======== Dataset section

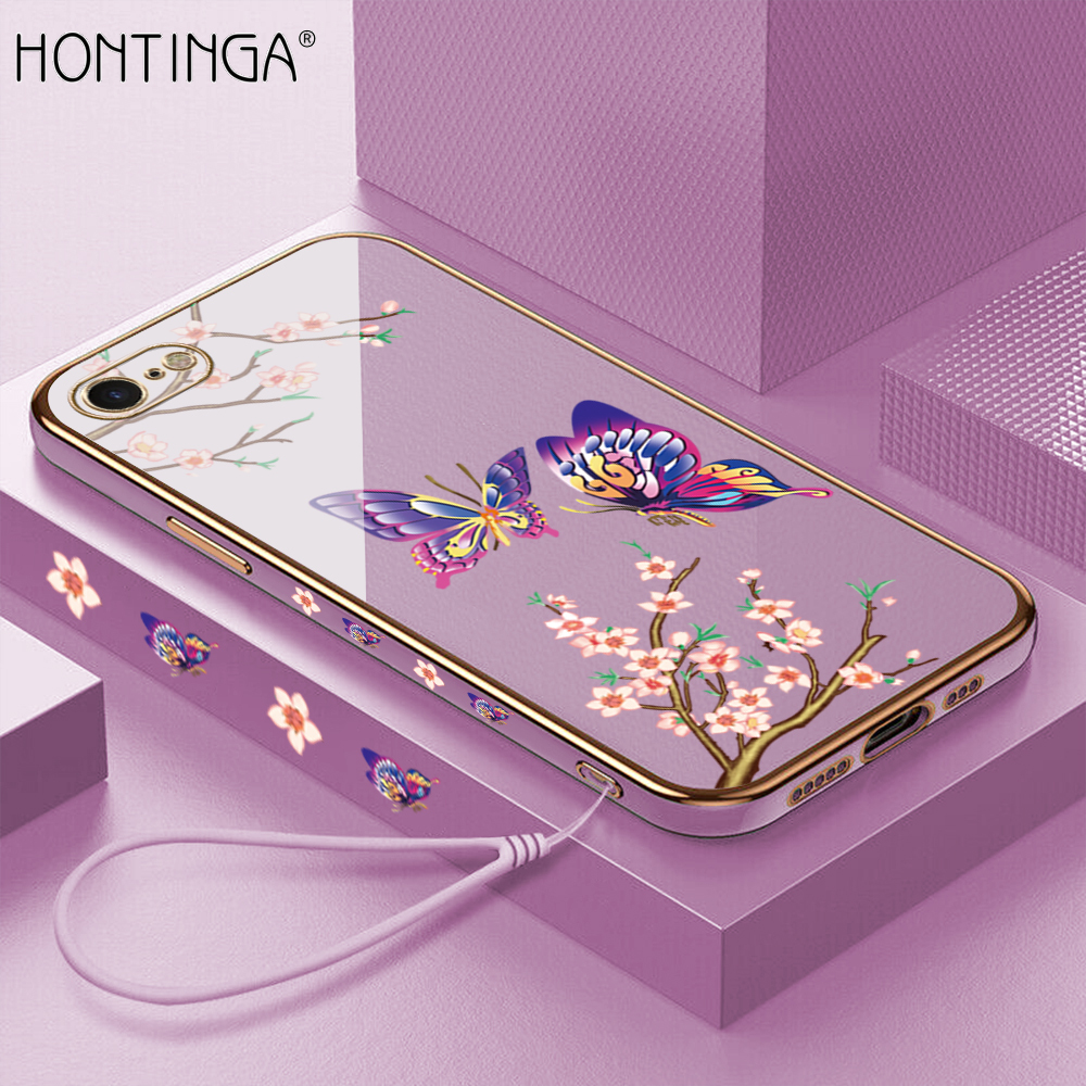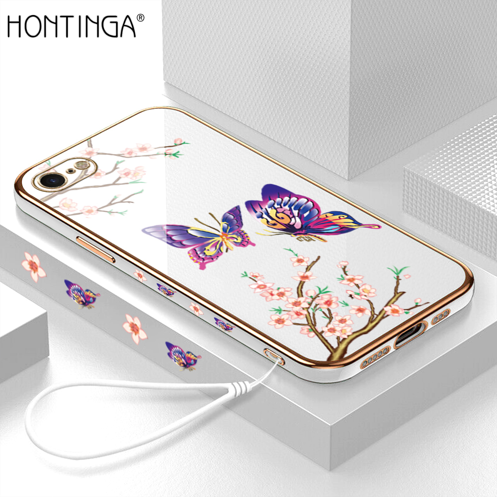 Hontinga Casing Case For New iphone SE 2022 SE3 SE 3 Case Fashion Colorful Butterfly Luxury Chrome Plated Soft TPU Square Phone Case Full Cover Camera Protection Anti Gores Rubber Cases For Girls
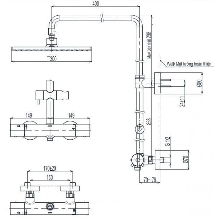 Vòi Sen Cây TOTO TBW08406A Nhiệt Độ Vuông 300mm
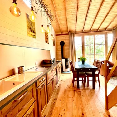 Grande pièce à vivre lumineuse, cuisine équipée, poêle à granulés pour être confortable en toute saison...

================

Directions for this task: Give the listing again exactly, but omit each image.

Your solution:
 Hontinga Casing Case For New iphone SE 2022 SE3 SE 3 Case Fashion Colorful Butterfly Luxury Chrome Plated Soft TPU Square Phone Case Full Cover Camera Protection Anti Gores Rubber Cases For Girls
 Vòi Sen Cây TOTO TBW08406A Nhiệt Độ Vuông 300mm
 Grande pièce à vivre lumineuse, cuisine équipée, poêle à granulés pour être confortable en toute saison...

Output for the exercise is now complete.